И ей уже кажется, что это – хлеба ломоть. Об этом
она и сказала дубу
на своём наречии.

 

 

* * *

 

Вот дома стоят, чуть спрямив плечами
то, что названо небесной линией.

Фонарями-свечами точно повторяет
движение Фонтанки и Мойки линия синяя.

Всем хорош дом с флюгером «1898-й год»,
а если зайдёшь за поворот –
снова дом с ровным профилем
и с такими окнами,
в которые нужно смотреть на рассвете,
чтобы летом не жарко,
а зимой хлопья снега и слякоть.

Вдыхать безвременье Питера,
смаковать его,
как гурман ароматную кофейную мякоть,
погружаться в skyline, натягивая на себя город,
словно ветхое одеяло.

Тут так много небесных прозрачных линий.
А заземлённых – мало.

 

 

* * *

 

Привычка жить для утешенья глаз –
смотреть на небо сквозь ресницы,
чтоб замелькали солнечные спицы,
по радужке скользнув
и у зрачка.

Привычка видеть муравья в траве,
и почитать его за брата, не считая,
что это нечто меньшее, чем я,

так почему же вместе с ним мне не пойти,
росу, как ягоды, сбивая,
луг изучить от края и до края,
почти его былинок не измяв,

но там уж – шум, дорога, города
и люди, населяющие землю,
и в их мычащие угрюмые стада
войду, как обречённый пленный.

 

 

Рахманинов. Лорелея. 1914

 

Сергей Рахманинов
владел авто «Loreley».
Чтобы развеяться
и вдохновиться,
он разъезжал на нём
по российской губернии.

 

На зелёной Лорелее
он несётся в колее.

Всё быстрее и быстрее
зажигаются во мгле,
осыпая Лорелею,
звёзды искр и светлячков.

Не заметив Лорелеи,
в красном логове волков
под присмотром пастухов
вдруг погибнут человеки.

Жаждут огненные реки,
выходя из берегов.

По разбитой колее,
на зелёной Лорелее
он летит навстречу веку.

С топорами дровосеки
вышли. Приговор суров:
топок много – мало дров!

Всё быстрее и быстрее
разгоняя Лорелею,
шепчет:
Боже, сохрани,
вопреки законам века,
в небесах
и на земли!..

 

 

Царица

 

Осталось шелестящее имя, печальных глаз разрез –
песок времени добавил несколько морщинок возле,
а горький завиток губ – мы же помним, что он не исчез! –
честно обозначает, что было до неё и что будет после.

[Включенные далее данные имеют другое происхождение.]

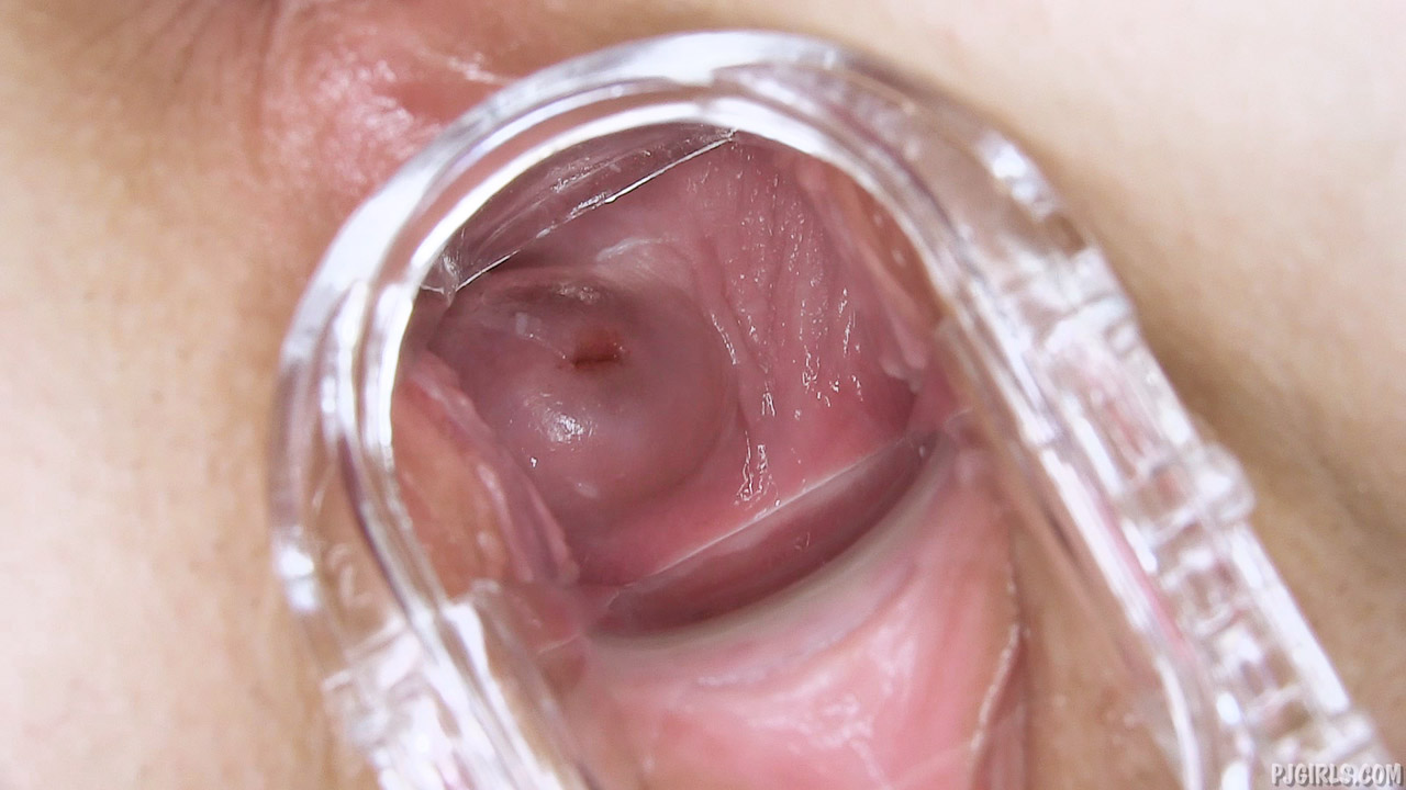 Our photographer gives us wide shots and closeups, and Snow shifts to a wide-open squat and then a nice rear-view with the speculum inside her. For you biology fans, you can see that her pretty cervix is offset a little laterally (that is, to the side), but don't worry, it is perfectly normal. We can also see that her vaginal muscles are very strong when she clamps down on the speculum. The camera zooms in for some nice closeups, and you can see how opened up snow is on the inside (you can also see from the ripples of her vagina that she can open up even more). What's really hot is when she contracts her vaginal muscles, you can see different parts of the inside of her cunt moving at different times, so that it all looks very alive inside that wet cave.

Облачалась, как луна в облако,
в царственные одежды,
погружалась в них, как в воду – цветок лотоса,
украшалась драгоценными камнями и золотом,
печатями власти, превосходства и силы,
знаками тайны, вечности, величия и египетского космоса,
и всем прочим,
что по привычке всюду носила.

Но вышло не так, как о ней думали жрецы,
во дворце и около,
и что было в голове
у бога Гора – сокола.

В ней самой и в её шелестящем имени не было силы –
только необъяснимое.

Знала ли об этом царица сама?

Или всего лишь
родилась, вышла замуж, попала в опалу
и от старости умерла,
и любила послушать новости,
что ей ласточка на хвосте
приносила?

 

 

Два портрета

 

Два портрета, мужской и женский.
Может быть фотография,
а может, это живописец оставил на холсте
отпечатки двух лиц с подробностями:
у мужчины брови лохматые,
а у женщины – не так уж много ресниц,
да и вообще у обоих лица с неровностями.

Оба смотрят прямо перед собой.

Но их взгляд неустойчив
и ускользает мимо.

Зрители несущественны, потомки
о них потеряли всякую память,

хотя иногда натыкаются на обломки
чужой прожитой жизни,
долгота которой
лишь портретами измерима.

 

 

Оркестр

 

Ощетинился смычками
и заиграл –
оркестр неприкаянных музыкантов –
Шопена, Шумана, Грига,
Чайковского, Баха, и снова Баха,
когда захлопала в окнах консерватории
крыльями птаха
и чья-то душа в упоении полетела,
положив конец музыкальной истории
и начав историю жизни без тела.

Не будем преувеличивать значения искусства.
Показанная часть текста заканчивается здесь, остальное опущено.